Marc Rossignol (°1954, Namur; vit et travaille à Bruxelles) est un autre fieffé amateur de brouillage de pistes. Lors d'une performance aux allures de rituel, il récitera un poème (Le chant des âmes retrouvées) de François Cheng, tout en traçant (des deux mains) des lignes entrelacées inspirées d'un dessin sur le sable du peuple Tchokwe. Soit la respiration d'un poème et le jaillissement d'un tracé, pour raconter des histoires de morts et d'esprits qui reviennent. Soit une énigme combinatoire (de formes et de langages entremêlés) qui - comme les entrelacs complexes de Léonard ou de Durer - permet de saisir d'un coup d'œil l'énergie qui anime l'univers.
Sandra Caltagirone
Le chant des âmes retrouvées.
Performance d’une durée d’une dizaine de minutes.
Je dessine et récite un poème. Le dessin est un “sona”, une protoécriture tchokwé, angola, Ce sona est appellé “Kalunga” et représente un cimetière. Le texte est de François Cheng , rien de plus français que François, rien de plus chinois que Cheng. François Cheng est sur la frontière eurasiene. Vivre sur les fontières, tel est notre destin. Le poème s’intitule le chant des âmes retrouvées et conclut un roman intitulé “Quand reviennent les âmes errantes”

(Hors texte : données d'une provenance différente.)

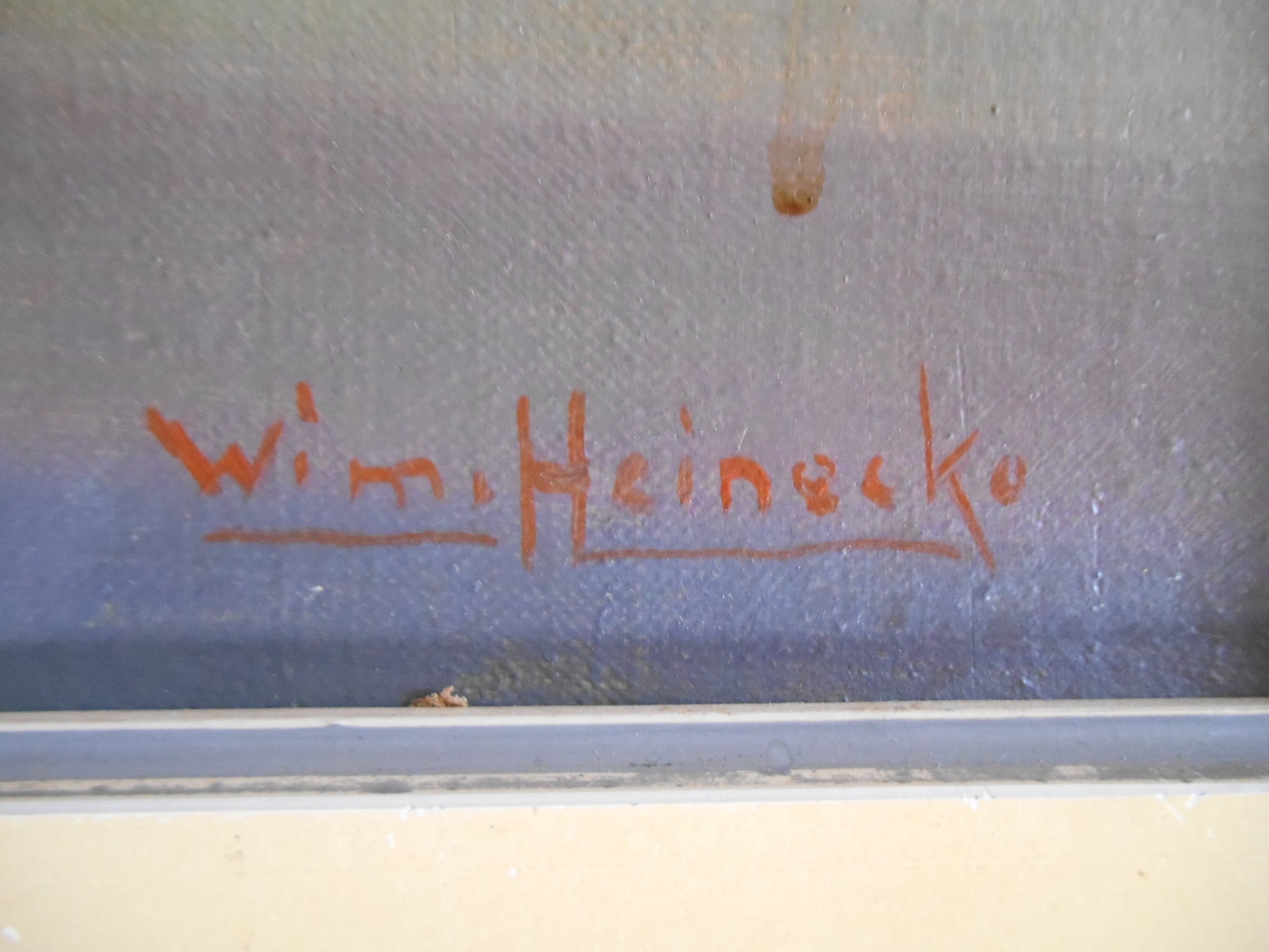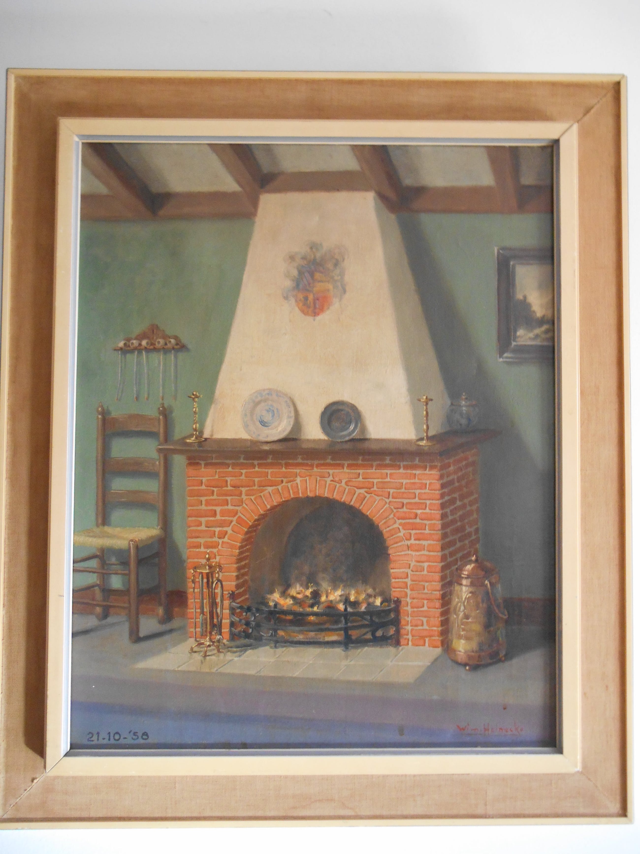 Sfeervolle interieurschildering van de Rotterdamse schilder Wim Heinecke ( 1895 - 1978 ). Hij kreeg zijn opleiding aan de academie voor beeldende kunsten (Rotterdam). Zijn onderwerpen gaan van stadsgezichten en stillevens tot portretten, interieurs en landschappen.

“Cet ouvrage à la fois court et profond tient du conte des mille et une nuits, de la tragédie grecque, du récit historique, de l’épopée fondatrice et de la fable philosophique. Le roman narre les histoires très personnelles de trois personnages: une femme serveuse d’auberge, un musicien et un “combattant”, une passion d’amitié et d’amour les unit, une folle passion qui finira tragiquement en un temps troublé. Le livre s’achève sur un poème lyrique et mystique où se confondent les trois voix de ces belles âmes que rien, même la mort, ne peut séparer. C’est ce poème que je récite et dessine.
Le dessin est un “sona” que je trace à deux mains. Les sonas consituent une protoécriture pratiquée par les tchokwés au cours des rites d’initiation, leur tracé était accompagné d’un récit. Observer le déroulement de ces tracés monolinéaires participait de leur lecture, (le mot sona désigne aujour d’hui l’écriture). Le patron du “Kalunga” présente deux axes de symétrie perpendiculaires et est monolinéaire. C’est un algorythme qui a aussi été inventé par les habitants du Vanuatu en Océanie. Ces dessins constituent un sujet de prédilection pour les ethnomathématiciens qui espérent par ceux-ci permettre aux étudiants africains de se réapproprier le discours mathématique.
“Ayant fortement senti l’Exotisme, tous les Exotismes, de l’Espace (races,sexes), du Temps (amour du pqassé)... et cela d’une façon d’abord toute ingénue, je me suis demandé quel était l’élément commun de ces belles sensations et j’ai cru voir, que j’étais apte à flairer en tout le Divers...” ( Victor Segalen dans “Essai sur l’exotisme.)